## Exercise requirements:
Retype the listing below line for line, but only from the line with "柑橘凤蝶幼虫在小的时候,没有自保的能力,身体长得和鸟屎一样,以此躲过天敌。" down to the line with "Dans le menu", inclusive. Pictures stay out.

## Data in this exercise:
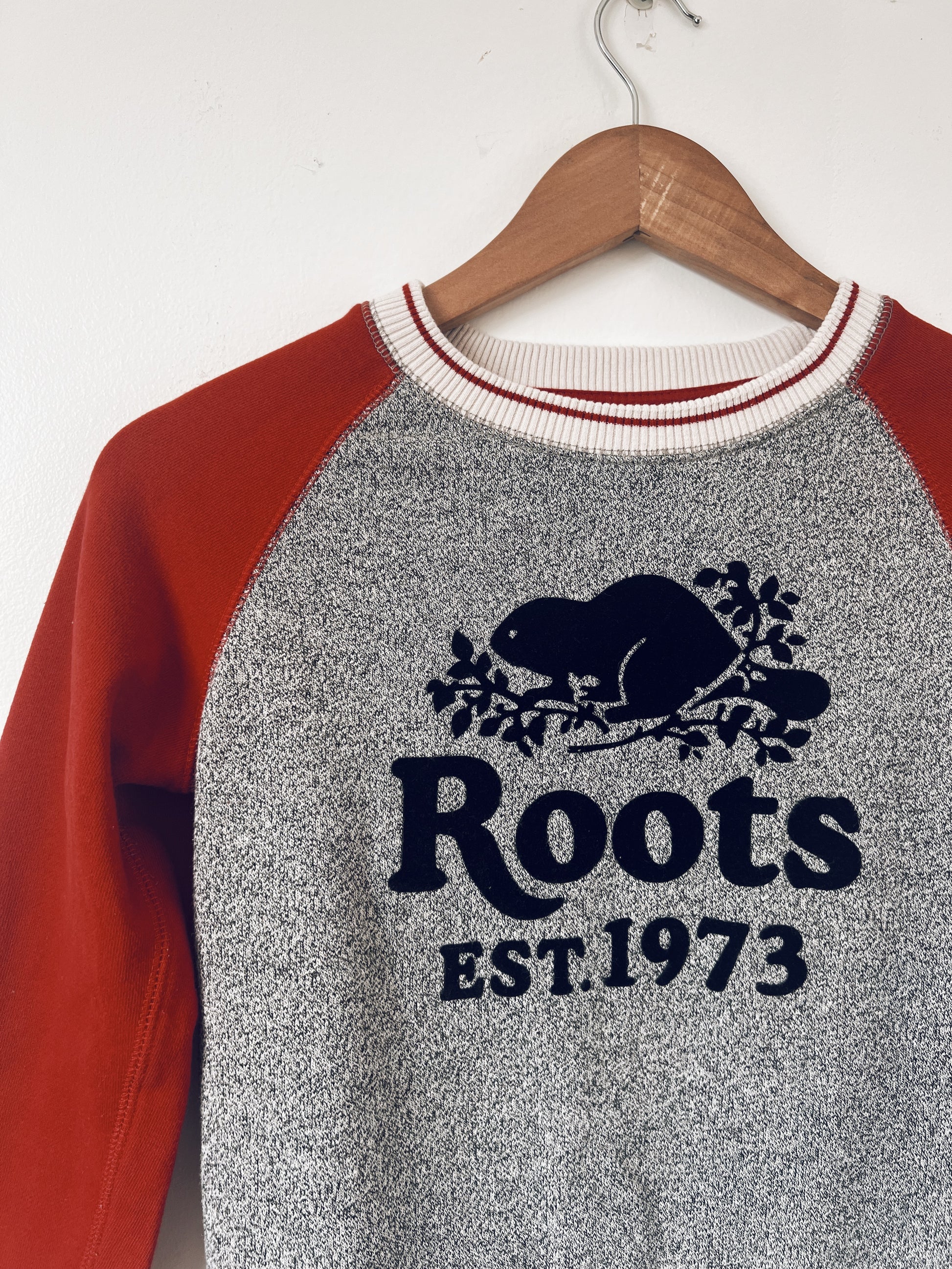 Coolest sweatshirt. Red, salt and pepper grey. Classic roots beaver and logo on the front. Great quality. Unisex. For the chilly mornings on the way to school.
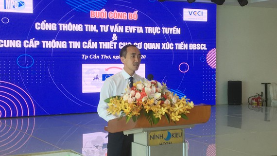 Ông Nguyễn Phương Lâm, giám đốc VCCI Cần Thơ phát biểu tại Buổi công bố Cổng thông tin, tư vấn EVFTA trực tuyến mới đây.
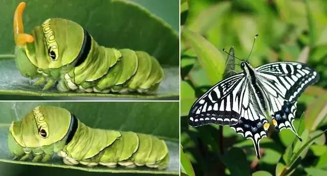 柑橘凤蝶幼虫在小的时候,没有自保的能力,身体长得和鸟屎一样,以此躲过天敌。
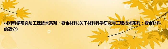 大家好,材料科学研究与工程技术系列:复合材料,关于材料科学研究与工程技术系列:复合材料的简介很多人还不知道,现在让我们一起来看看吧!
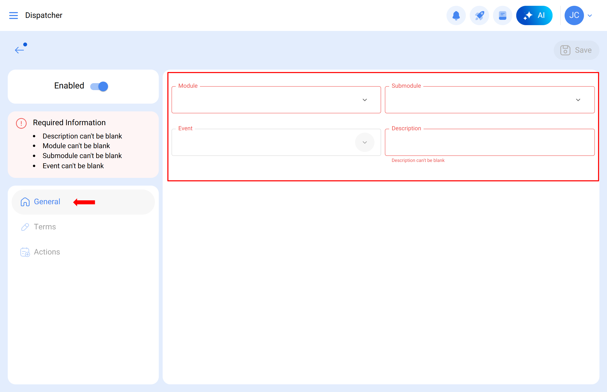 Dans le menu principal, allez à Automatisateur et sélectionnez Événements.
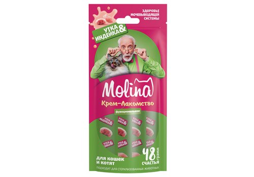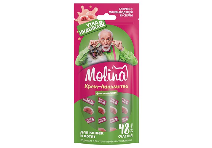 Molina Функциональное Крем-лакомство Молина для кошек и Котят Здоровье мочевыводящей системы Утка & Индейка 48 г
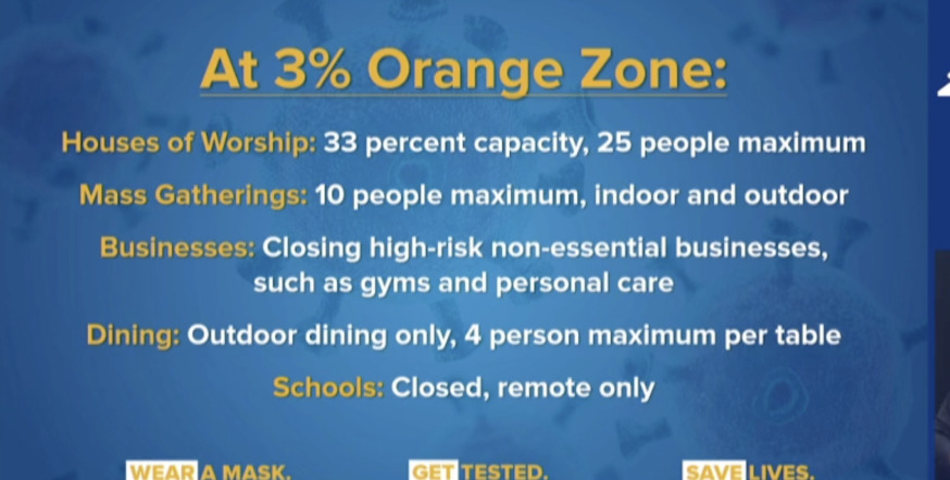 Orange zone restrictions — the midrange level among the state’s designated red, orange and yellow zones — mandate the closure of indoor dining and high-risk nonessential businesses like gyms and personal care services.
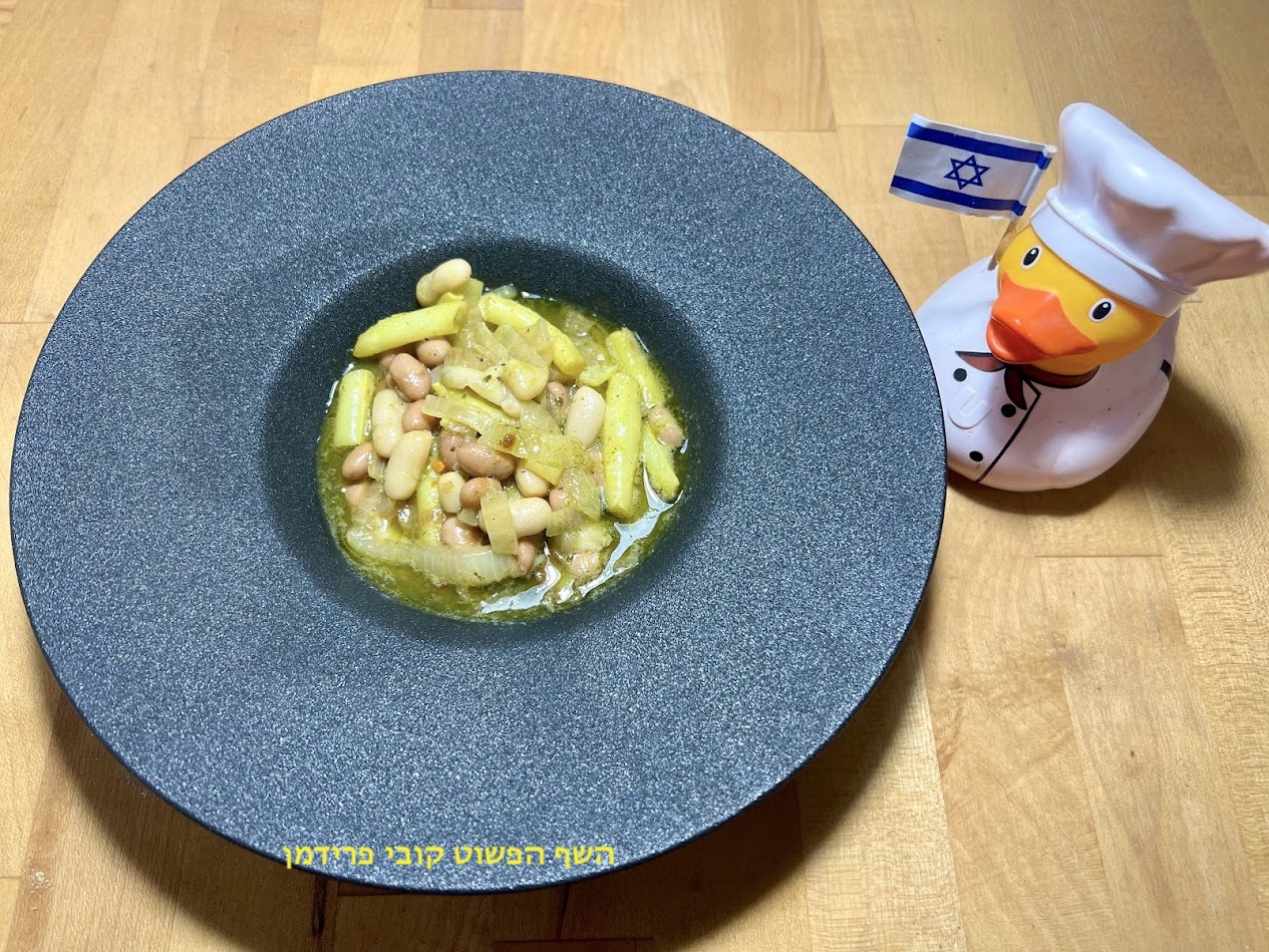 תבשיל שעועית צהובה שעועית לבנה שעועית חומה עם בצל מוזהב טבעוני ללא גלוטן:

## Problem solution:
 柑橘凤蝶幼虫在小的时候,没有自保的能力,身体长得和鸟屎一样,以此躲过天敌。
 大家好,材料科学研究与工程技术系列:复合材料,关于材料科学研究与工程技术系列:复合材料的简介很多人还不知道,现在让我们一起来看看吧!
 Dans le menu principal, allez à Automatisateur et sélectionnez Événements.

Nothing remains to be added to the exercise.